You don't understand metaphors at all, do you? Besides, don't you know that the Son gives life to whom He wishes (Jn 5:21), and the Spirit gives life to whom he wishes (Jn 3:8; 6:63), and the Father gives and draws to the Son whom he wishes.
Do you realise that the default reading of the present tense in KoinE reek is as a progressive present. The gnomic present is generally applicable only if the progressive does not make sense contextually. In these texts the progressive as descriptive of the working of the Spirit in Jesus ministry, makes sense. Extrapolating that into universal aphorisms is not what the narrative genre is expecting us to do every time we see the present tense..
Jhn 5:19
Then answered Jesus and said unto them, Verily, verily, I say unto you, The Son can be doing nothing of himself, but what he is seeing the Father do: for what things soever
that one (
ekeinos, the Father) is doing, these also the Son is doing likewise.
Jhn 5:20
For the Father is loving the Son, and is showing him all things that
he (
autos, the Son) is doing: and he will shew him greater works than these, that ye may be marveling.
Jhn 5:21
For as the Father is raising up the dead, and is quickening
them; even so the Son is quickening whom he (the father) is willing.
Jhn 5:22
For the Father is judging no man, but has committed all judgment unto the Son:
The Son is giving life to whom He wishes makes sense with the He being the Father. So, reading this as a universal truth for all times.

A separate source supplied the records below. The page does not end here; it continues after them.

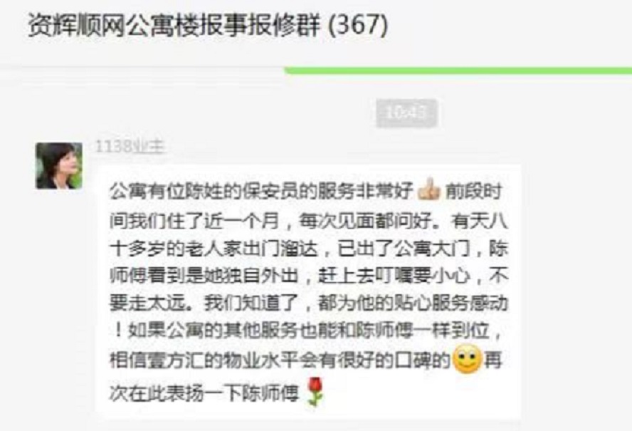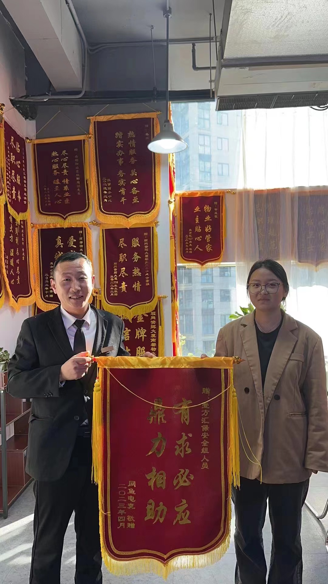 比如今天资辉顺网公寓楼保安队就收到业主的锦旗,对我们保安陈师傅的的服务表示高度的肯定,“有求必应,鼎力相助”这样的赞许送给明邦保安驻壹方汇保安队,尤其对保安陈师傅的贴心服务表示感动! 望公寓的其他服务也能和陈师傅一样到位,相信壹方汇的服务水平会有更好的口碑。
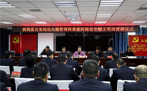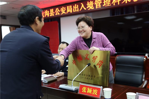 12月26日,扶沟县长张颖波向荣获河南省“巾帼文明岗”的县公安局出入境管理科授牌仪式在县公安局九楼会议室举行。副县长任松奎,县政府党组成员、县公安局局长田豪杰,县公安局政委石伟等出席授牌仪式。
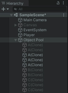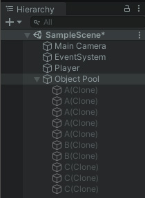 위 이미지와 같이 클론(Clone) 오브젝트가 수량에 맞게 생성되었으며 ObjectPool 밑으로 들어가 있습니다.
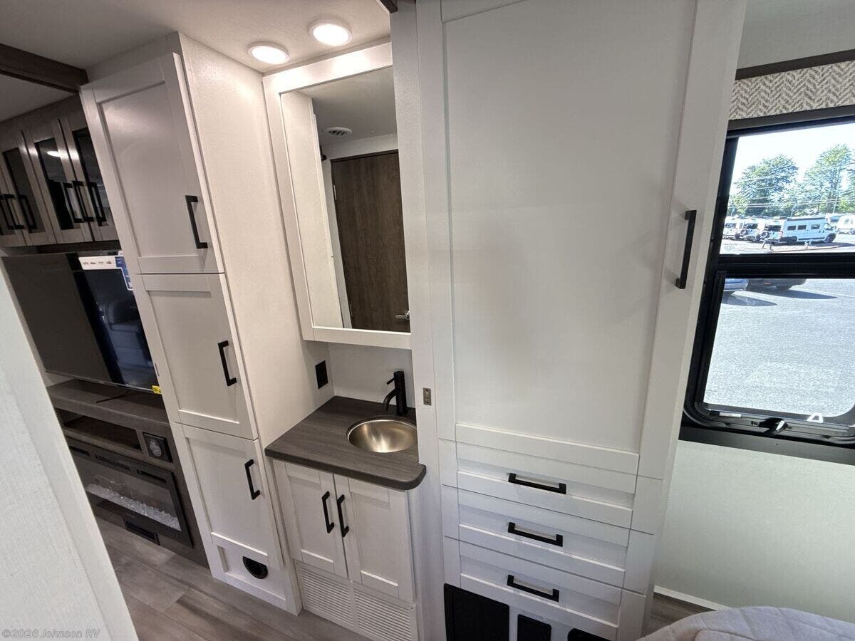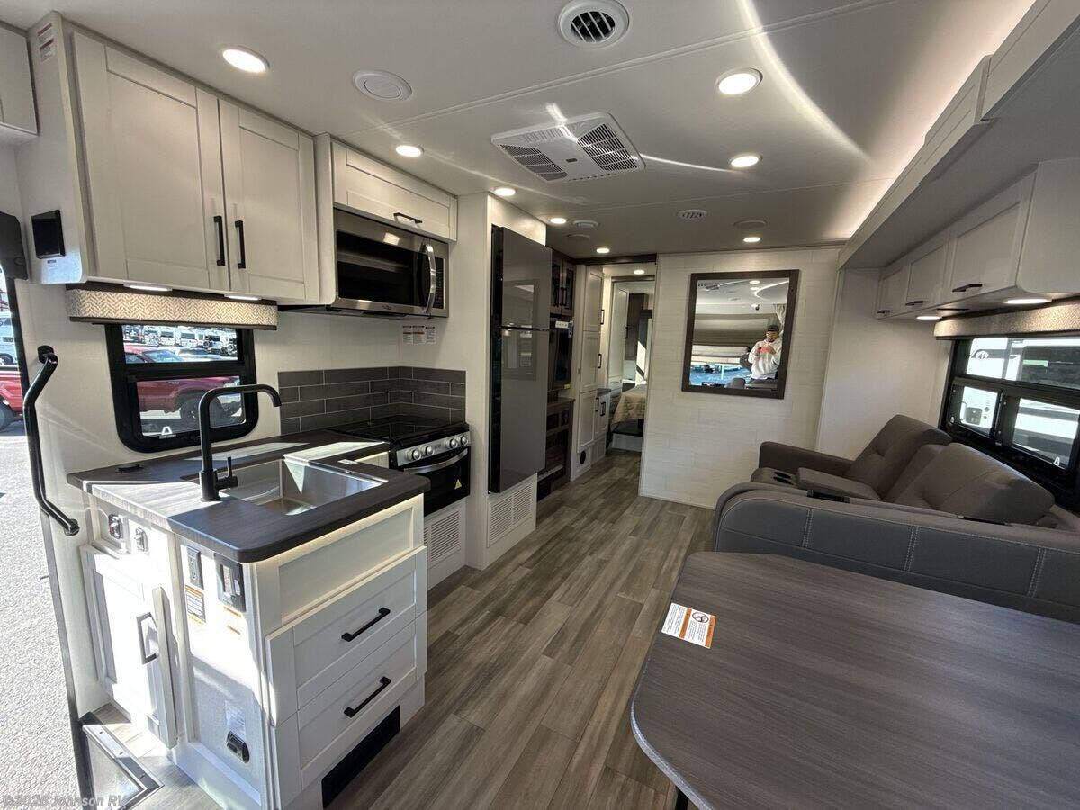 Features Include: 7.3L V8 Gas Engine, 210-Amp Alternator, Traction Control, Hill Start Assist, JRide Plus System, Koni FSD Shocks, 7500# Hitch 7-Pin, Cab Features, Swivel Cab Seats, Tilt Steering Wheel, Power Entry Steps, Car Seat Tethers, Systems Center, Satellite Dish Prep, JBL Audio System, 300# Rated Bunkbeds, Glass Shower Door, Foot Flush Toilet, 12v House Batteries, 16.5-Gal 56# LP Tank, 30-Amp Service Cord, 60-Amp Converter, 1000w Inverter, 15k AC Heat Pump, 12v Demand Pump, Winterization System, Black Tank Flush, Bead Foam Insulation, Slideout Awnings
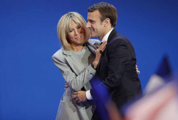 ONI koji poznaju predsednički par ističu i da Brižit, koja će u aprilu napuniti 66 godina, utiče "iz senke" na svog 24 godine mlađeg muža, i da mu, kao profesor francuskog jezika, koriguje delove govora. Ona je svom suprugu svojevremeno bila nastavnica, kada su se i zaljubili jedno u drugo.
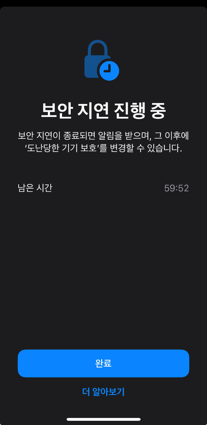 이 기능은 아이폰을 도난당했을 때 상대방이 암호를 알고 있더라도 1시간 정도의 시간을 벌 수 있는 기능입니다.
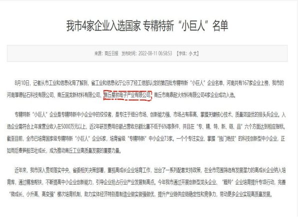 Recently, it was learned from the Shangqiu Municipal Bureau of Industry and Information Technology that the Ministry of Industry and Information Technology has identified the fourth batch of specialized and new "little giant" enterprises. The company was successfully selected by virtue of its professional deep cultivation and scientific and technological innovation strength in the field of high-performance rare earth neodymium iron boron (Nd-Fe-B) permanent magnet materials.
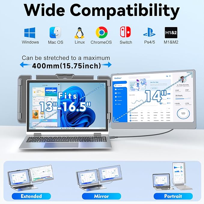 - ⚡️【Boost Your Productivity By Up to 200%】:The dual laptop monitor extender offers multiple display modes, including extended, mirrored, and portrait modes. Supports you to open multiple windows at the same time, work, video conference, watch movies, or play games on different screens by not having to switch back and forth on a single laptop screen continuously, increase your efficient by up to 200%. Perfect for people who work on the go, remote workers, watch a movie,IT professionals, Players, Stock traders, Programmers, game players, etc!

John 3:8 does not say that the spirit give life to whom He wishes.
Jhn 6:63
The spirit that is the one quickening; the flesh is profiting nothing: the words that I am speaking unto you,
they are spirit, and
they are life.
To extrapolate these texts into a declaration that the new birth is completely God's activity without any input from the converting soul goes beyond what the language says. Yes, a man could never save Himself without God by merely willing to be saved. And it is completely within God's prerogative to determine how he will design the salvation process and whom he will offer salvation to. But none of this mandates that God does it all, and the convert does absolutely nothing towards his salvation. If God wants to require a mustard seed of faith from the man as part of the process, that does not make salvation by the will of man ,who did not design the process nor perform most of the process.